Оставь: против ветра не надо прикуривать. Ну и погода!
Тут осень – не сон, осень – анабиоз. Без особой надежды:
От тёмных зонтов, от приподнятых воротов тёплой одежды.
Здесь ветер из дыма горазд сигареты вытягивать жилы.
Вверху, на балконах, как скифские бабы, стоят старожилы.
Из города выбраться: вряд ли.

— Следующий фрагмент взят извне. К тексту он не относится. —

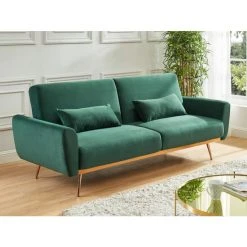 Vente-unique CanapĂ© 3 Places Convertible Clic-clac En Velours LAUNEI – Vert Sapin
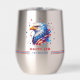 Muestra tu lado patriótico con este diseño de gafas de bebida con un águila audaz con colores de la bandera estadounidense, estrellas y rayas. Personalizable de texto en rojo y azul.
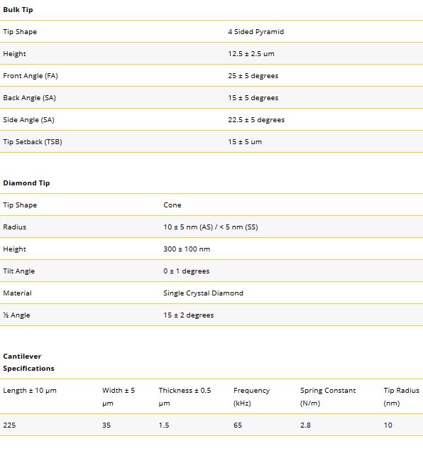 Highly conductive diamond probes, formed by a unique patented process ensure the best possible wear and electrical performance. These tips are sharper and last longer than any other electrical AFM probe.
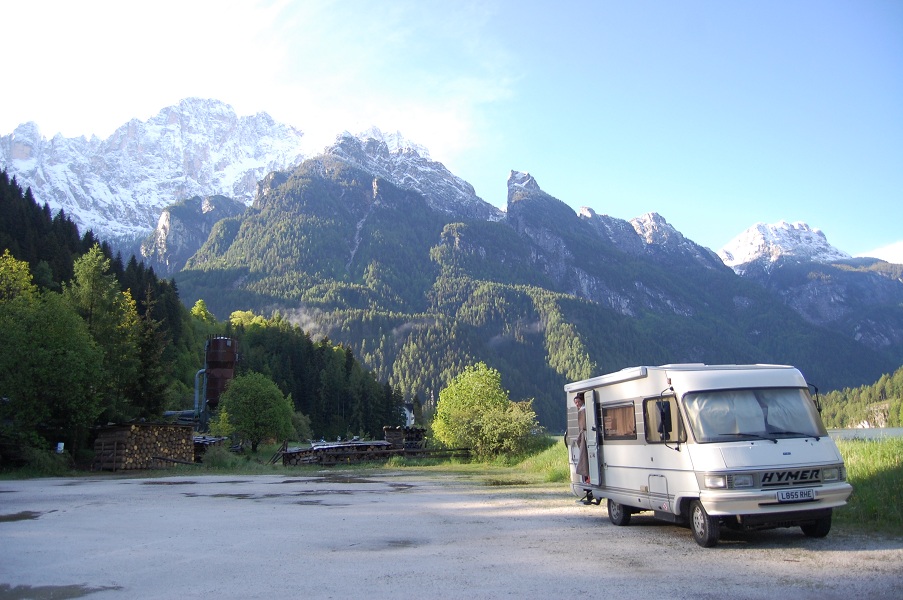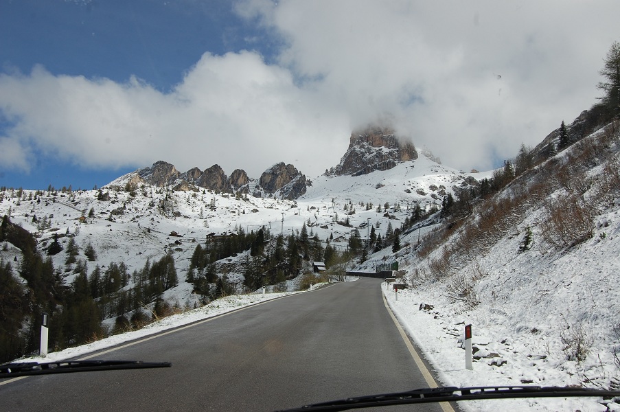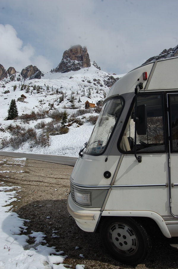 The rain had stamina last night, hammering on Dave’s roof as we drifted off to sleep, and managing to force it’s way into one or two leaky bits on his exterior. More silicon sealent needed. At the unheard-of waking hour of 7am, Ju was up, and shortly after so was I. The fluffy blanket had lifted from the jagged, snow capped peaks of the surrounding Dolomites. It was one of those ‘crane your neck up and slowly spin around’ moments, truly memorable. It must have been to get us our of bed before 8am.
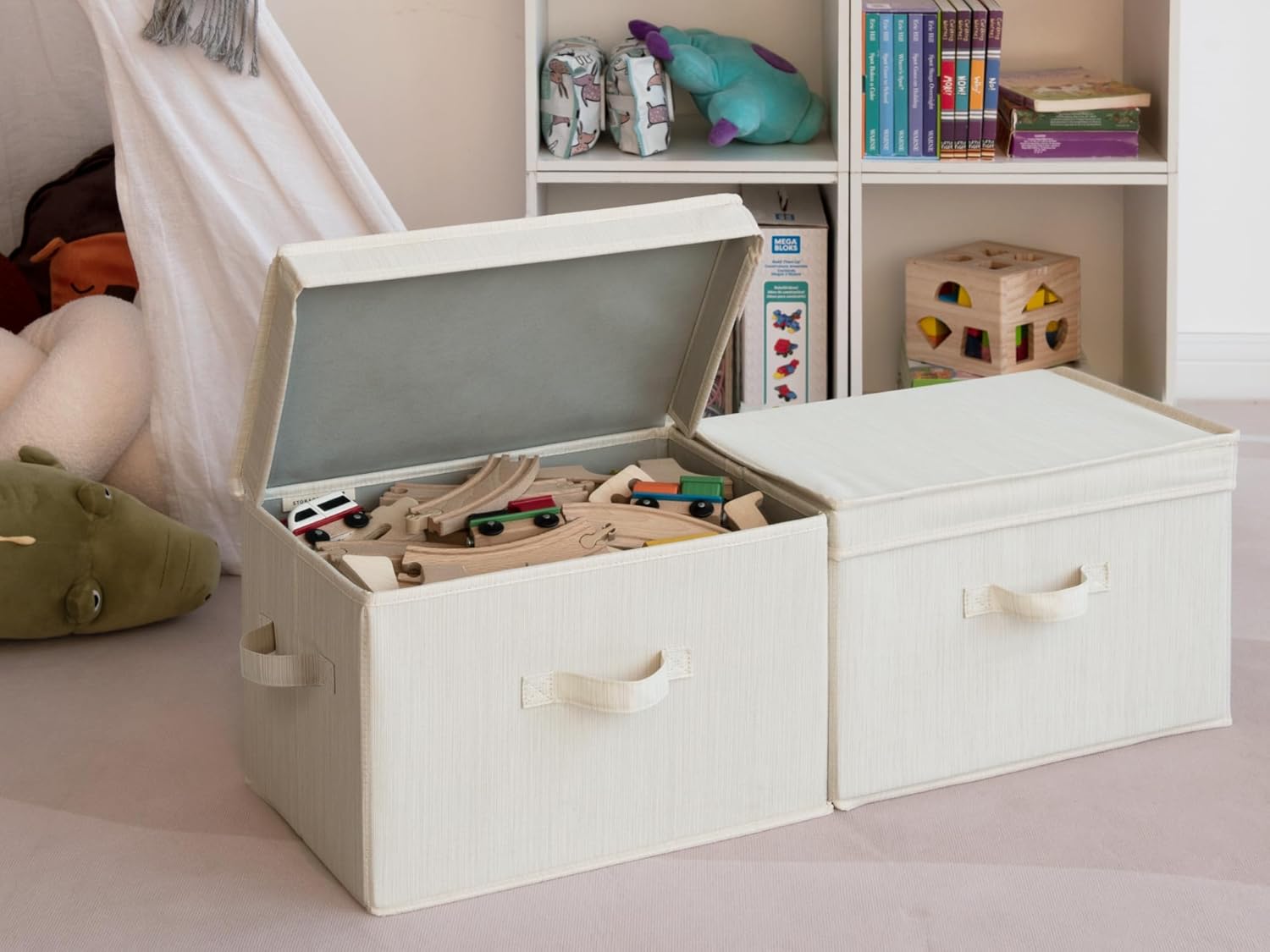• Dust-proof storage bins feature flip-top lids and 3 sewn-in handles on the front, back and left side, making it easy for you to carry the storage bins.

Невнятицей город обманет
Проулков невинных, обманных обводных каналов в тумане,
Околиц, последних дворов, где последние света форпосты.
В местах собиранья даров – лишь свежеют порывы норд-оста.
Лишь свешены головы яблок, лишь яблони старой сутулость –
Где осень осин на дворах о заветных дарах заикнулась.
Подавно в дома снесено всё, что семо-овамо родимо.
Закрытое злеет вино – так темно за окном, нелюдимо.
Здесь осень – качание сосен в вечерних пустых верхотурах.
Погром собирается (оземь!): с тоскливою злобой натуры
По сферам шаром покатило – что пьяный сосед над тобою.
Ума же хватило: всё в куб возвести – и катать с перепою.
И рёвом реветь, колотя что попало под грохот и взрывы.
Последний драть холст. Диким оком взирать – из сиянья разрыва.
И ты не поймёшь, колготясь в комнатушке, над стылой пустыней:
Что это – огромно, стозевно – каталось по неба холстине?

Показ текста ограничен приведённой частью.